Open joannapng opened 4 months ago
Hi @joannapng , thanks for the PR! It would be nice to be able to handle quantized biases with ExtractConvBias
, but there's a few problems that need to be fixed first.
Your changes break the transformation for Conv
nodes with non-quantized biases, the second line here accesses producer.input
without checking if producer
is None
which can happen for non-quantized biases:
producer = model.find_producer(n.input[2])
bias = model.get_initializer(producer.input[0])

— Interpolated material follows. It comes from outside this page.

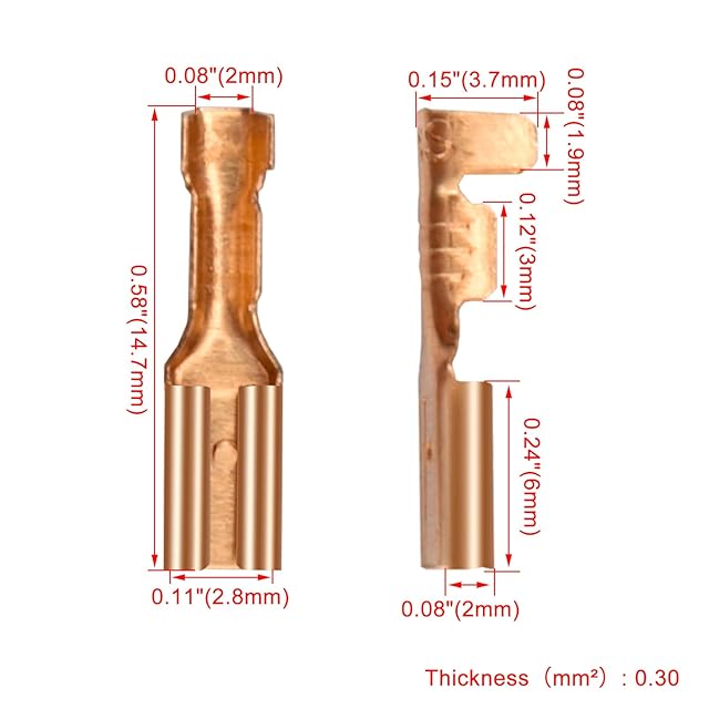 Heschen メススペードクイックスプライス圧着端子, 2.8mm圧着コネクタ, 非絶縁, 100個

To handle quantized biases correctly, the second input to the Add
node we insert should be the quantized bias (the output of the Quant
node for the bias) and not the un-quantized input to the bias quantizer itself. It seems you are currently removing the Quant
node entirely, which would not preserve the semantics of the original network: so currently rewriting Conv(x, bias=Quant(unquant_b))
to Conv(x) + unquant_b
but it should be Conv(x) + Quant(unquant_b)
instead.
If you could make this fix and perhaps add a unit test that checks both the quantized and unquantized bias cases, that would be great!
During the
ExtractBiasFromConv
transformation, sometimes the bias initializer was not found. The current code searches for the bias initializer with the name of the tensor that acts as input to the convolution node, but it should search for the initializer with the name of the first input to the Quant node that produces this tensor. For the same reason, the producer node should be deleted and not the tensor.